Why VirtData?
If it is not real data, then what is the value of it? Virtual data is something that, when you need it, has no substitute.
To explain why, let us consider the trade-offs in some basic simulation and testing challenges and what they mean.
Speed
Challenge: access large amounts of bulk data
Actual Data - depends primarily on speed and efficiency of storage system - limited to size of storage system
Virtual Data - depends on speed of generation functions and CPU - not effectively limited to size of storage
In this case, virtual data is strongly favored for testing systems that need to be faster than the things that they are targeting. This is an essential requirement for any system that must provide high-fidelity results in timing, loading levels, etc. Essentially, load testing is a primary reason for having procedurally generated data. You can not easily get high fidelity results if the testing apparatus is saturated with load as easily as the test target.
Agility
Challenge: modify basic properties of test data
Actual Data - requires recapture of test data, regardless of origin
Virtual Data - has no moving mass, instantly changes according to recipe
The ability to change your data set instantly is also a boon for testing systems. Not only can you modify the conditions of a test by changing out your virtual data set, you can create multiple variations that can elicit interesting contrasts and outcomes, ad-infinitum. The size of a virtual data set is paltry, often smaller than testing logic.
Sophistication
Challenge: create nuanced interplay between data
Actual Data - same design burden as virtual data, but still with moving mass - significant effort is spent on managing bulk of data
Virtual Data - is able to create statistically shaped data without bulk transfer - is able to provide determinism in addition to statistical shaping - is able to simulate superset/subset relationships
Because virtual data is dependent on the generation methods, and generation methods can be chosen themselves to have interesting mathematical relationships, many things are possible that we don’t even consider when raw data is handed to us.
Realism
Challenge: access real data
Real data wins this one, obviously. Virtual data is not strictly real data, but it can be. Read further for why.

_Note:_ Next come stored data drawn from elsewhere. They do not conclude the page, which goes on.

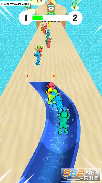 非常有趣的一款滑水类的游戏,玩家能够在游戏的路途中收集更多的人,不断的扩充你的队伍,一起躲避障碍物进行冒险,玩起来很过瘾。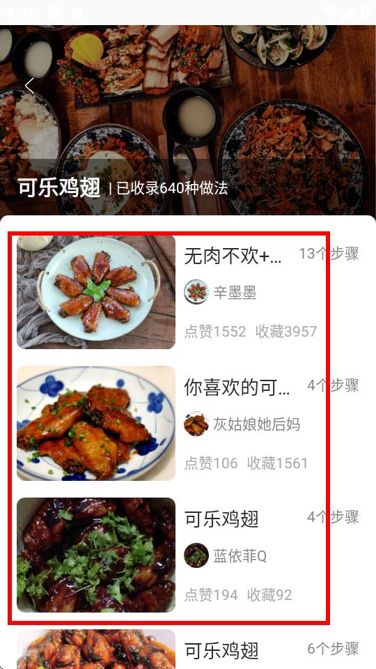 3、在菜品頁面,瀏覽眾多用戶分享的可樂雞翅做法,選擇感興趣的做法點擊進入。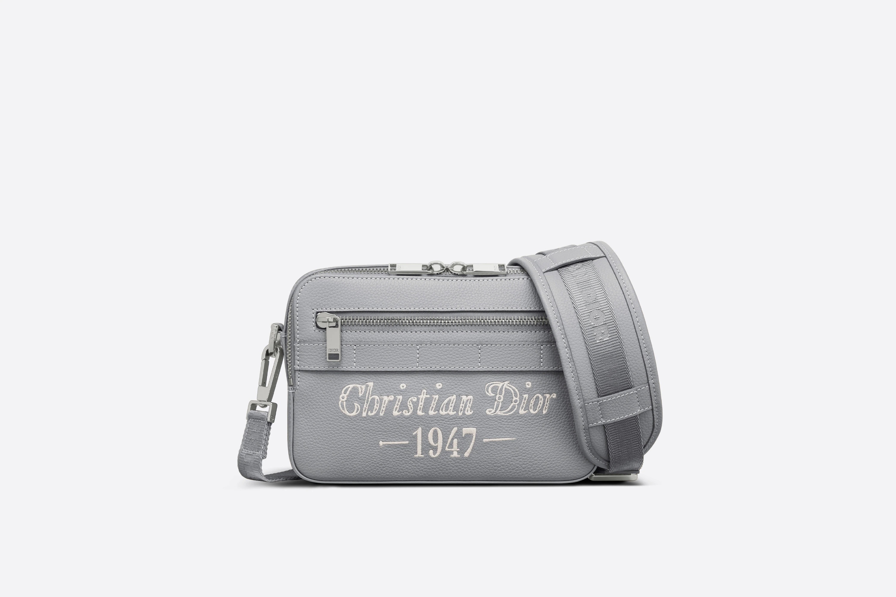 The Safari Messenger bag is a practical and compact style and can be carried daily. Crafted in Dior gray grained calfskin, it boasts the embroidered 'Christian Dior 1947' signature, honoring the House's heritage. The zipped compartment and the front pocket allow all the essentials to be kept within reach, and the bag may be worn over the shoulder or crossbody thanks to its 'CHRISTIAN DIOR' adjustable shoulder strap. - Dior Gray grained calfskin with embroidered 'Christian Dior 1947' signature on the front - Interior embossed with 'DIOR' signature - Two-way zip closure on the top - Calfskin and nylon jacquard adjustable and removable 'CHRISTIAN DIOR' shoulder strap - Front zip pocket - Dust bag included - Made in Italy Size & Fit - Dimensions: 22 x 15 x 6 cm / 9 x 6 x 2.5 inches - The size is suitable for an iPad mini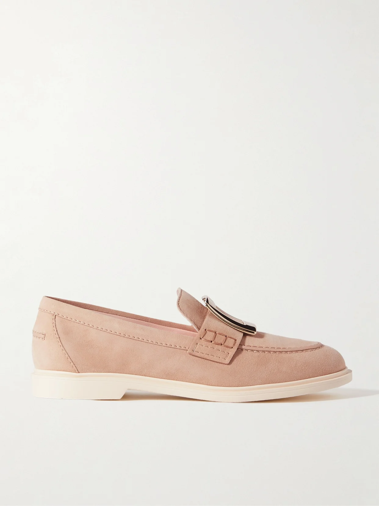 Roger Vivier has designed many iterations of its infamous buckle since its debut in 1965 - these loafers are topped with a sleek, minimal version. They're crafted from smooth suede with a classic almond toe and contrasting sole. Wear yours with denim and a statement sweater.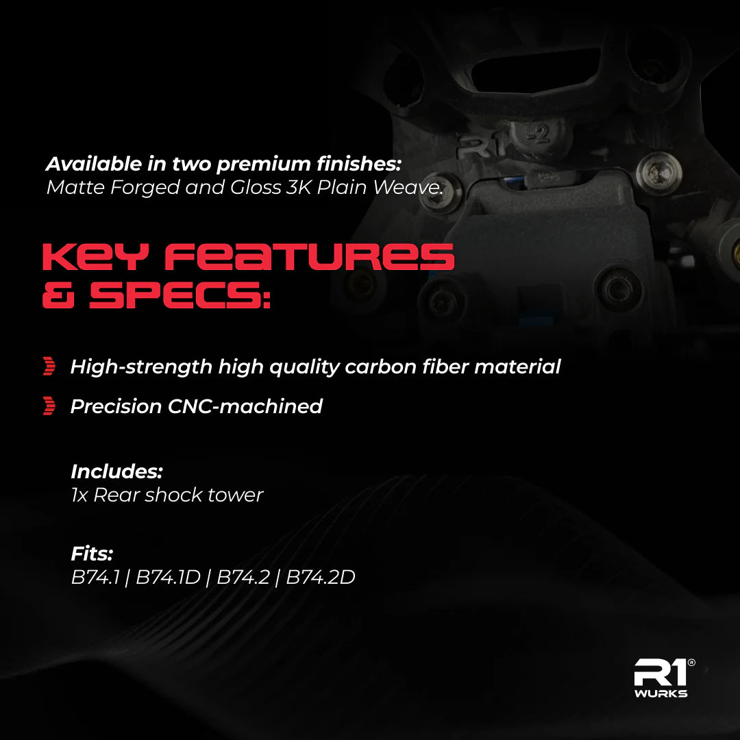 R1 Wurks 900190 Rear Carbon Fiber Shock Tower -2mm for B74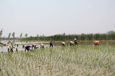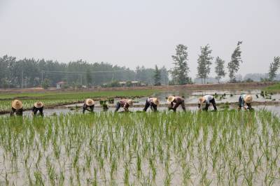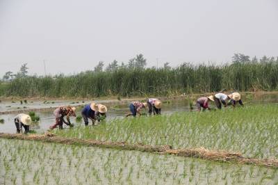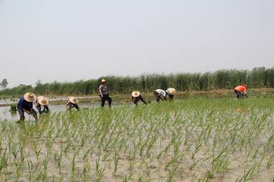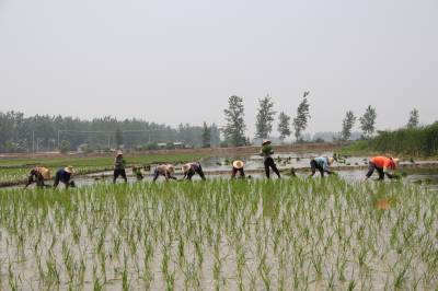 > 留守女互助抢插水稻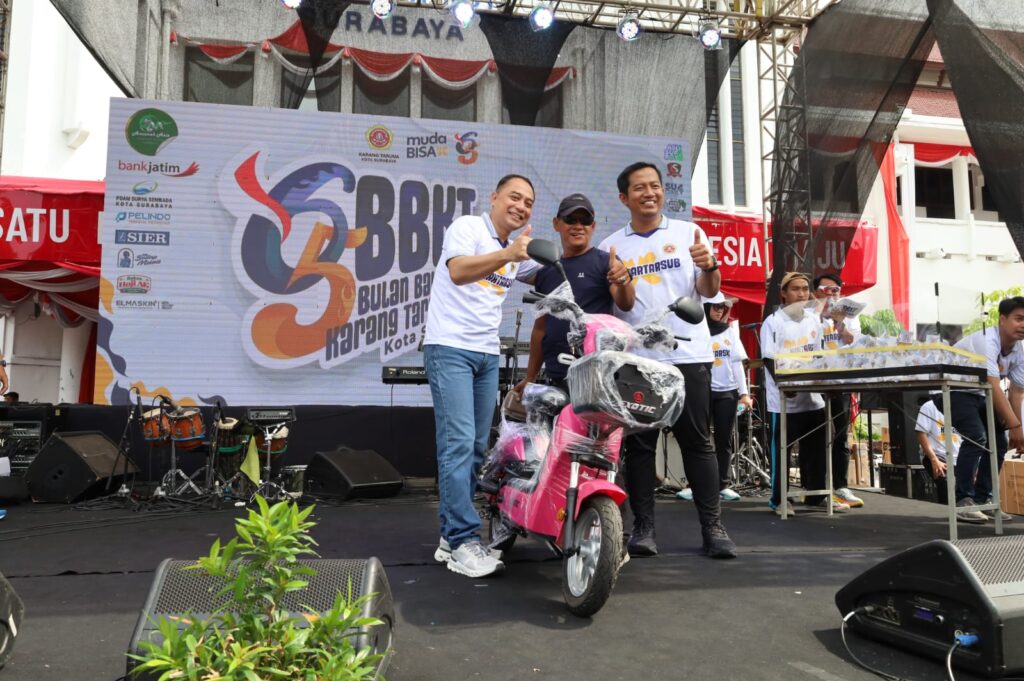 Surabaya 16 Nopember 2025 | Draft Rakyat Newsroom – Puncak Bulan Bhakti Karang Taruna (BBKT) Kota Surabaya Tahun 2025 berlangsung semarak di Taman Surya Balai Kota Surabaya, Minggu (16/11/2025). Kegiatan tersebut diisi dengan Fun Walk hingga Bazar Usaha Mikro Kecil dan Menengah (UMKM).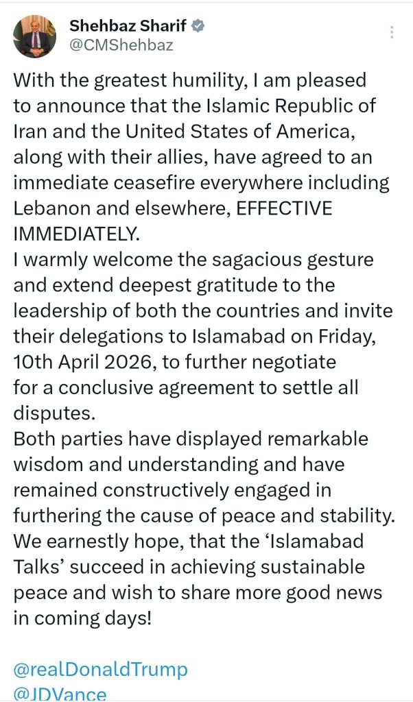 ISLAMABAD (News Desk) April 08 — Pakistan on Wednesday announced that the Islamic Republic of Iran and the United States, along with their allies, had agreed to an immediate ceasefire, including in Lebanon, and invited their delegations to Islamabad on April 10 for negotiations aimed at a lasting resolution.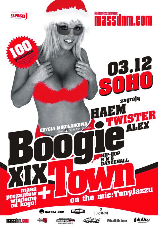 Podczas imprezy rozdanych zostanie 100 prezentów mikołajkowych (w tym: czapki Mass’a, odzież, płyty i bilety do Multikina). Od godz. 22.00 Boogie Town będzie transmitowane przez www.rapgra.com.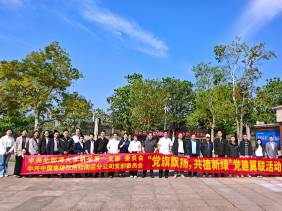 春和景明,植绿当时。3月12日,正值我国植树节,中共北部湾大学机关第一支部委员会与中共中国电信钦州钦南区分公司支部委员会携手,在学校南门共同开展“党旗飘扬 共植新绿”党建翼联主题活动,以实际行动践行生态文明理念,强化党建引领,深化校企共建。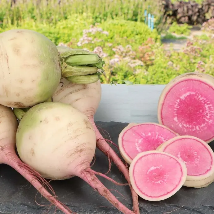 Radijs: in ons assortiment vind je twee soorten, de Chinese en een kleurrijke mix radijsjes. De bijzondere Chinese radijs kan al vanaf half maart gezaaid worden in de volle grond en groeit snel.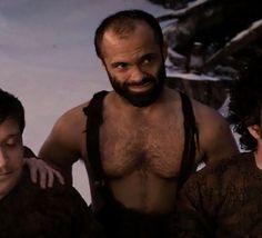 Still in her white swan dress, Brighton has now brought Snow White to the woods. They are both very upset and, while the snow is falling, they hear the beast. Brighton, in appreciation still of how her father treated him so kindly, cuts loose the ropes tying her hands together and tells her to run. She runs through the woods and into a sign saying No Entry. She wakes up inside the house of the 7 dwarfs. She tells them that she is Snow White, however not all of them believe her. She tells them that she has no gold for them, and explains how the Queen tried to have her killed. They are reluctant to let her stay, as they could be killed for it. They decide to let her stay for one night. The dwarfs introduce themselves; Butcher (Martin Klebba), Wolf (Sebastian Saraceno), Half Pint (Mark Povinelli), Grimm (Danny Woodburn), Chuckles (Ronald Lee Clark), Grub (Joe Gnoffo), and Napoleon (Jordan Prentice).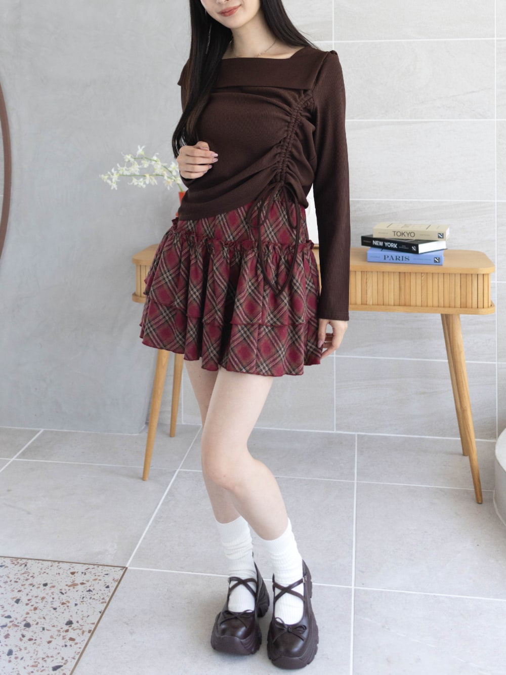 ショコラカラーのトップスに赤チェックのミニスカを合わせて、 甘すぎない秋のガーリースタイルが完成!

Challenge: access realistic data
Virtual data can be as realistic as you need it to be, up to and including being based on samples of real data. If you want to capture a real data set and access it as such through a virtual interface, then the data is, in fact, real data.
Virtual data methods can be used as a sliding scale between accessing real data and just making it all up according to statistical recipes. With a small amount of real data, you can create a very high volume of simulated data. The small sample is almost always easy to fit in memory, keeping the data generators fast. Still, the data generated can be extrapolated to data set sizes that can be useful for testing even the largest systems.
For accessing realistic data, why not both? If you have an example data set, nothing prevents you from using it as raw data through the virtual data interface. Doing so gives you useful choices for tackling some of the challenges above.
Distribution
Challenge: partition a dataset for distributed testing
Real Data - Requires a bulk processing step to do any reconfiguration or (re)partitioning
Virtual Data - Subset groupings of virtual data are easily described by common recipes.
When you need to be able to identify or control, or vary how data is distributed in a testing scenario, there is no comparison.
Specificity
Challenge: canonically identify detailed test data parameters
Real Data - In order to canonically capture and represent the testing parameters with a real bulk dataset, you have to have and retain the whole dataset.
Virtual Data - Virtual data can be described concisely and completely in a recipe. Whether you are needing book end scenarios that identify corner cases, or more normal data, the recipes are compact. For data that is based on real samples, you get to pick how much is too much.
In Summary
It is possible to have realistic samples, statistical shaping, high throughput, immediately adaptivity, and repeatability at the same time.
The examples above are only the tip of the iceberg in terms of what is possible. Virtual DataSet aims to make it easier to explore and use new dataset simulation methods.